The third comment by Joe focuses on the experiment from the animated film that I decided to embed above this very sentence:
The video shows how there is only a red shift of the reflected laser light when the mirror is in its ground state, because no energy can be extracted from zero-point energy of the ground state. At first I thought this was amazing but then I wondered how this differed from the classical prediction. In a classical picture, the mirror in its ground state would be completely motionless. The laser still cannot be blue shifted because the mirror is motionless but red shift is possible because the laser can impart energy to the mirror. Can someone explain how this experiment demonstrates a quantum phenomenon? (BTW, I’m not a quantum denier, I just can’t wrap my head around the experimental results.)
The movie starts with a few general comments on particles and waves and the uncertainty principle. Then it discusses the experiment with a small but not atomic-scale mirror that contains billions of atoms (30 microns times 30 microns or something like that). Laser light is sent to the mirror and reflected. Using helium, the mirror is cooled down almost to the absolute zero and they're ready to measure the blue shift or the red shift.

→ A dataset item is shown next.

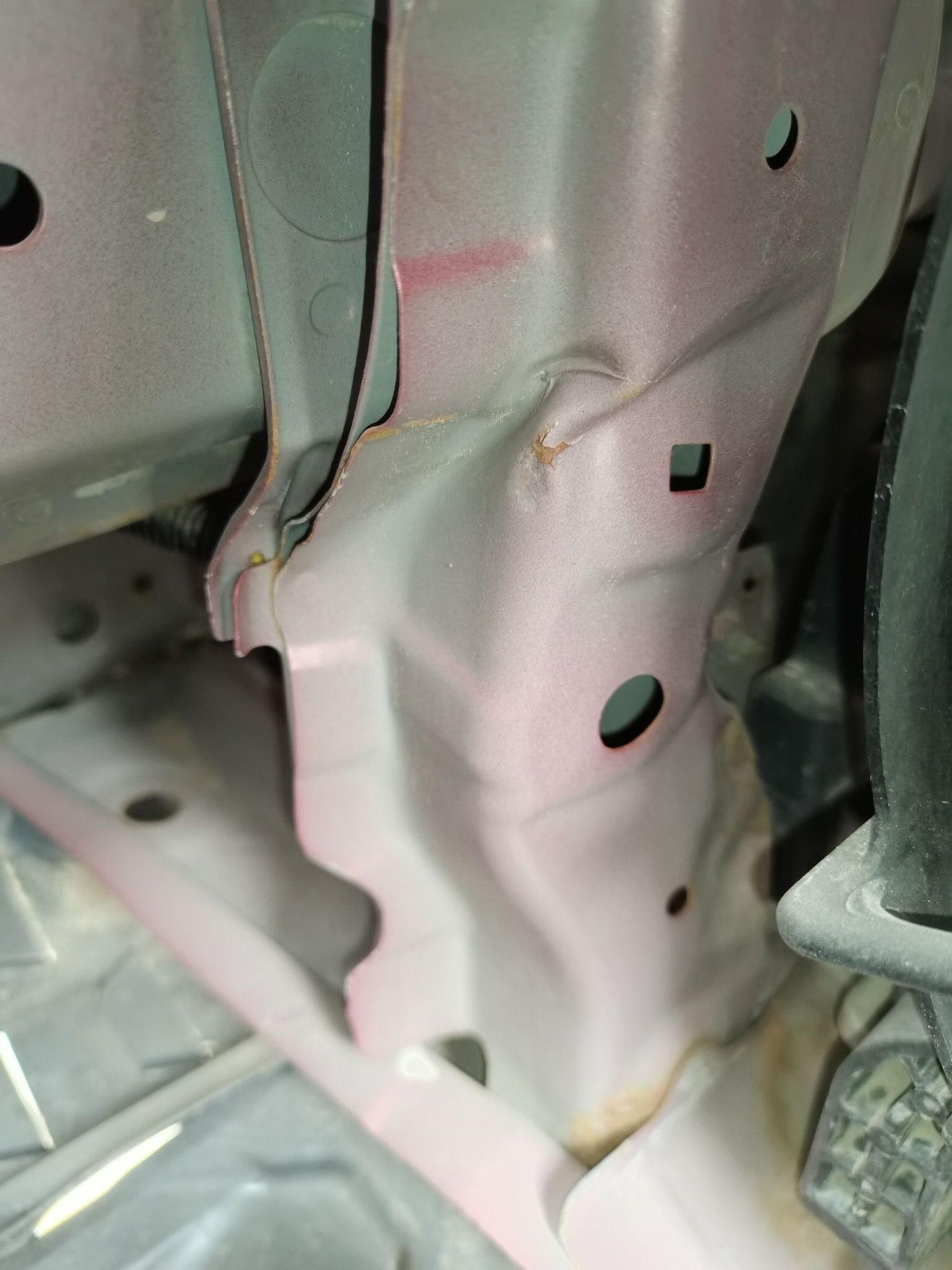 今天看了一台本田锋范,14款1.5L五挡自动型,2015年9月上牌,跑了12万公里,二手行情2万大。 买家是一对小情侣,小伙儿要带着女生国庆节回老家,但路途比较远,高铁票没抢到,飞机又不能直达,两人的行李也比较多,于是小伙儿想了个办法,买辆便宜的二手车开回去,后面再把车卖掉。 小伙儿确实有想法,不过跑高速长途,车况必须搞好啊!万一车坏在路上,或者出个什么事儿,那不光耽误事儿,还可能危害人身安全。所以,验车就安排上了。 检查结果不理想,车头有事故,前杠更换,大灯更换,水箱框架多处变形、焊接、开裂、生锈,而且维修的很潦草,发动机和变速箱倒是没啥问题。 小伙儿皱了皱眉头,这玩意儿有点儿烂啊!自己的开车风格比较激进,感觉不踏实,还是再看看别的车吧!
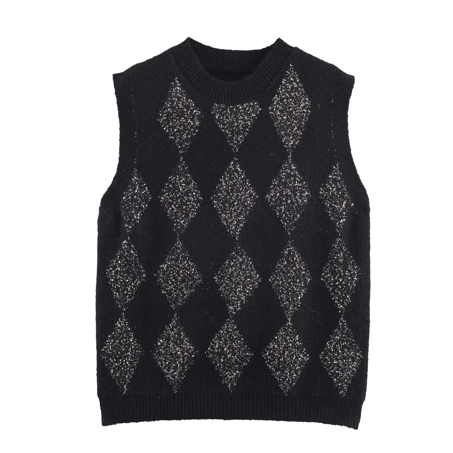 The Edge Rhinestone Argyle Vest reinvents a timeless knit with confident sparkle.

Classically, the mirror sits at \(x=0\) with \(p=0\). The red shift would have to be zero. Quantum mechanically, this is not allowed as it would violate the uncertainty principle. In quantum mechanics, one may derive that this ground state implies \(\Delta x\) of order one femtometer. The reflected light can't carry a higher frequency/energy because it would have to steal some energy from the mirror but there's no lower-energy state than the ground state. So only red shift is possible.

In the real-world experiment, one doesn't have \(T=0\) exactly so the blue shift won't be absent completely. But quantum mechanics still predicts a different behavior than classical physics. Classical physics predicts that when the mirror is slightly moving before the collision, and at \(T\neq 0\), it is indeed moving, blue and red shift are equally likely because the mirror is equally likely to move against the laser beam as it is to move away from the laser beam.

I suspect that unusually enough, Joe misidentified the reason for the red shift or blue shift in classical physics. The right (Compton-like) description in classical physics is in terms of a photon-mirror collision that simply gives the reflected photon an extra positive or negative momentum depending on the previous motion of the mirror. You won't be able to say much if you only look at the energy of the mirror because the energy conservation law isn't enough to determine the momenta of the mirror and the photon after the collision. However, if you add the momentum conservation law, you may watch the whole collision e.g. from the center-of-mass inertial system and in this frame, the final photon's energy is clearly the same as the initial one. The blue shift or red shift in the lab frame is then derived from the Doppler shift – from the relative motion of the lab frame with respect to the center-of-mass frame. This Doppler shift depends on the initial velocity of the mirror and both signs are clearly equally likely. (We don't have to talk about individual photons; an analysis of classical electromagnetic waves reflected from a moving mirror will lead to the same prediction for the blue shift and red shift.)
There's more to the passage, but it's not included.